#### Data extract

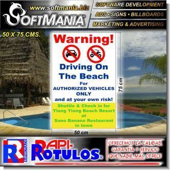 Este producto Rotulo Publicitario Aluminio Acm 4mm con Rotulacion en Vinil de Corte con Texto Solo Vehiculos Autorizados para La Playa para Hotel marca Softmania Rotulos de Dimensiones 50x75 Centimetros y muchos mas estan disponibles al por mayor y al detalle en SOFTMANIA. Pregunta por el codigo SMRR23091629. Aprovecha grandiosas ofertas todos los dias!
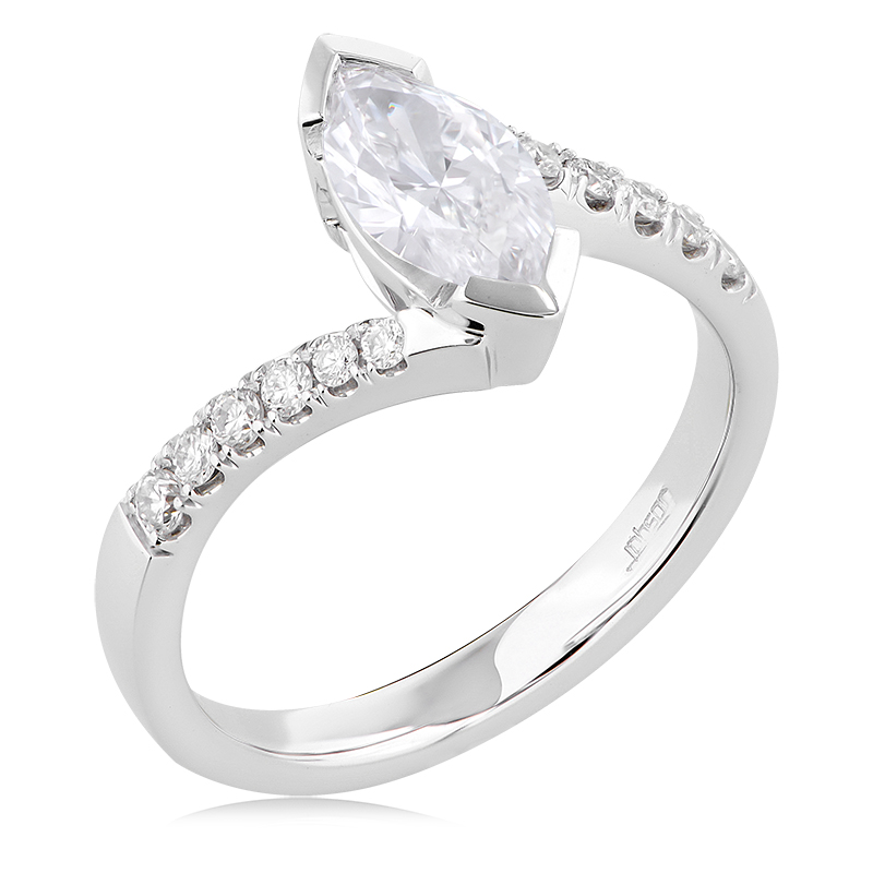 The band swoops gently from one. Available in rose, yellow, or white gold. A marquise diamond engagement ring: The band swoops gently from one.
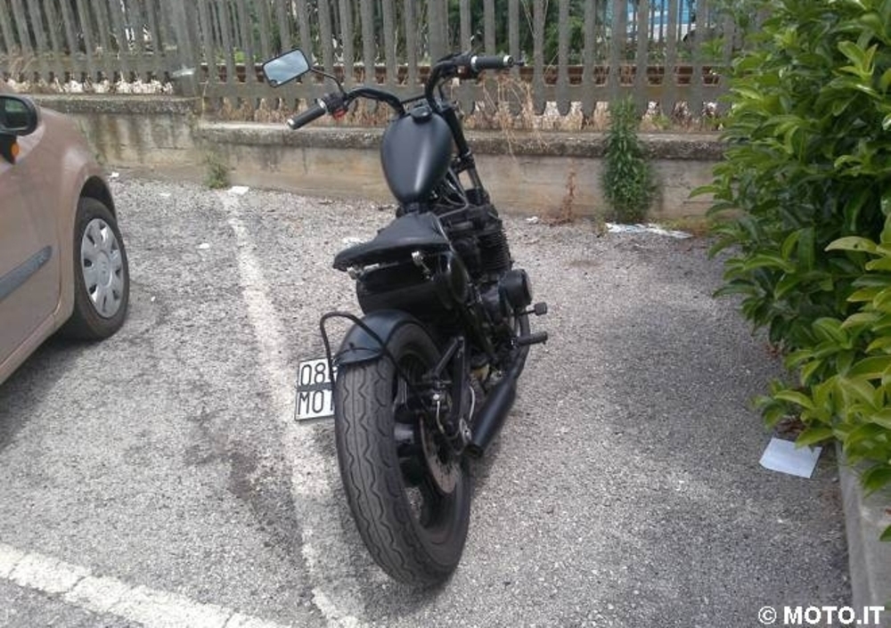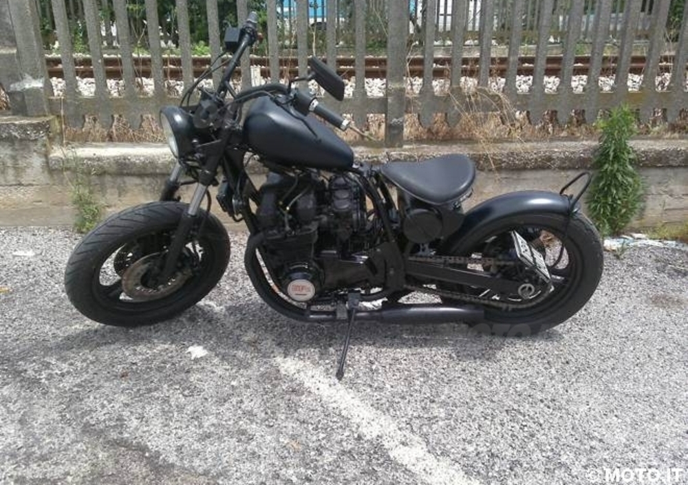 La moto non è male, e appare ben curata nei particolari che ne hanno stravolto i connotati da antica sportiva semicarenata dalle notevoli prestazioni, per quei tempi (poco meno di 220 orari effettivi, se ricordiamo bene, quindi parecchio sopra le righe ancora oggi…): vedi serbatoio a goccia, sella monoposto debitamente distanziata per lasciar scoperta la giusta dose di telaio, e con sotto il “barilotto” che ovviamente non crediamo sia un serbatoio separato dell’olio motore, ma comunque fa il suo bell’effetto, al pari del manubrio ad hoc. Idem per il parafango posteriore a filo di pneumatico, sorretto da un piacevole supporto in sottile tondino d’acciaio, mentre la ruota anteriore è lasciata libera di lavare allegramente il pilota, quando l’asfalto è bagnato. Decisamente meno in linea con il genere il forcellone in alluminio con tendicatena eccentrici, e la classica sospensione progressiva Uni Trak, che però renderà senz’altro più facile la vita alle terga del pilota.

########

What the task requires>
If pictures appear in the data, omit them and copy all other parts exactly.

Expected answer>
 Este producto Rotulo Publicitario Aluminio Acm 4mm con Rotulacion en Vinil de Corte con Texto Solo Vehiculos Autorizados para La Playa para Hotel marca Softmania Rotulos de Dimensiones 50x75 Centimetros y muchos mas estan disponibles al por mayor y al detalle en SOFTMANIA. Pregunta por el codigo SMRR23091629. Aprovecha grandiosas ofertas todos los dias!
 The band swoops gently from one. Available in rose, yellow, or white gold. A marquise diamond engagement ring: The band swoops gently from one.
 La moto non è male, e appare ben curata nei particolari che ne hanno stravolto i connotati da antica sportiva semicarenata dalle notevoli prestazioni, per quei tempi (poco meno di 220 orari effettivi, se ricordiamo bene, quindi parecchio sopra le righe ancora oggi…): vedi serbatoio a goccia, sella monoposto debitamente distanziata per lasciar scoperta la giusta dose di telaio, e con sotto il “barilotto” che ovviamente non crediamo sia un serbatoio separato dell’olio motore, ma comunque fa il suo bell’effetto, al pari del manubrio ad hoc. Idem per il parafango posteriore a filo di pneumatico, sorretto da un piacevole supporto in sottile tondino d’acciaio, mentre la ruota anteriore è lasciata libera di lavare allegramente il pilota, quando l’asfalto è bagnato. Decisamente meno in linea con il genere il forcellone in alluminio con tendicatena eccentrici, e la classica sospensione progressiva Uni Trak, che però renderà senz’altro più facile la vita alle terga del pilota.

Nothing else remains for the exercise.